The BNM device and its anatomical placement. Schematic representation of the lesser gastric curvature (gastric node area) showing the bipolar electrode placement relative to the anterior and posterior vagal trunks.
HRV assessment and metrics
A 5-minute ECG recording was performed twice daily (morning measurement, pre-breakfast, and night measurement after-dinner in standardized conditions) after the endoscopic implantation. Data were analyzed using a dedicated algorithm to extract time-domain and frequency-domain HRV parameters, including RMSSD, LF/HF ratio, and total power, as indices of sympathetic-parasympathetic balance, and were compared with baseline values.
Continuous glucose monitoring assessment and metrics
Glycemic data were collected continuously using the Abbott FreeStyle Libre CGM system at 15-minute intervals (96 data points per day) from January 23, 2026, to April 30, 2026, yielding a dataset of approximately 5800 data points over 66 days. The analysis was carried out over 56 days and 7 consecutive observation periods (Table 1).
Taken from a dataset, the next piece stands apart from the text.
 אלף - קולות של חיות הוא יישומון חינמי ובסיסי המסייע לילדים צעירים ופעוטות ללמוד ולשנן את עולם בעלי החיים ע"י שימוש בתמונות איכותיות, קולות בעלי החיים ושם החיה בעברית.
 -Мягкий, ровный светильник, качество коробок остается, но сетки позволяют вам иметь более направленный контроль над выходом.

Data Points in the Observation Periods
Peri-implant week: insulin suspended postoperatively. Data retained for reference but excluded from comparative analysis. A transitional phase with 6 IU (March 8, 1 day) and a brief rebound to 14 IU (March 12–13, 2 days) occurred between the 8 IU and 12 IU phases; these periods were too brief for dynamic analysis and are excluded from the primary comparison.
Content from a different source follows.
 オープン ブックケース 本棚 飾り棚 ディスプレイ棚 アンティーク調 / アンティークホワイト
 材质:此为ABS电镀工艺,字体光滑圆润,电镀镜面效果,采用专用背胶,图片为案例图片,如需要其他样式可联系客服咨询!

Zero-insulin phase: insulin glargine completely discontinued.
Standard CGM metrics were computed per international consensus18 (Table 2).
Standard CGM Metrics
CGM-derived HbA1c surrogate. 19
Dynamic analysis of glycemic oscillations
To quantify the glycemic hunting phenomenon—that is, the persistent oscillatory behavior of the glycemic signal around its set point, characteristic of systems with excessive feedback gain or phase delay—we applied dynamic signal analysis methods to the 15-minute CGM time series.
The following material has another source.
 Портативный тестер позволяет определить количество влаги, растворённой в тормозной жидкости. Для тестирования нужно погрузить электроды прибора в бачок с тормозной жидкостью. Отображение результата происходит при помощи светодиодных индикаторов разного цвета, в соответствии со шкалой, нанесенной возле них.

Poincaré plot analysis. SD1, the standard deviation of successive glycemic differences normalized by √2, quantifies short-term (high-frequency) glycemic variability and was used as the primary proxy for the hunting phenomenon. SD2, reflecting long-term variability (circadian excursions), was computed simultaneously. The SD1/SD2 ratio indicates the relative contribution of rapid oscillations to total variability.
19
Autocorrelation function (ACF). The ACF of the glycemic time series was computed at lags from 0 to 12 hours. In a system with active hunting, the ACF decays slowly (the signal retains memory of its past states); in a well-damped system, the ACF decays rapidly toward zero. Key values reported: ACF at 2h, 4h, 6h, and 8h lags. The first zero-crossing and the first negative ACF minimum (proxy for the half-period of the dominant oscillation) were identified. FFT spectral analysis was performed on resampled (uniform 15-minute grid), mean-subtracted time series. Dominant periods and the fraction of spectral power at the dominant frequency were computed for periods in the 2–24 hour range, corresponding to physiologically relevant glycemic oscillation timescales.
Results
Procedural safety and device stability
The BNM implantation was performed without complications. The total endoscopic procedure lasted 15 minutes, with the actual device implantation taking approximately 4 minutes. No mucosal bleeding occurred. The patient was discharged the same day, reported no post-procedural discomfort, and had a light dinner at home in the evening. The device detector confirmed a stable BNM position in the gastric wall.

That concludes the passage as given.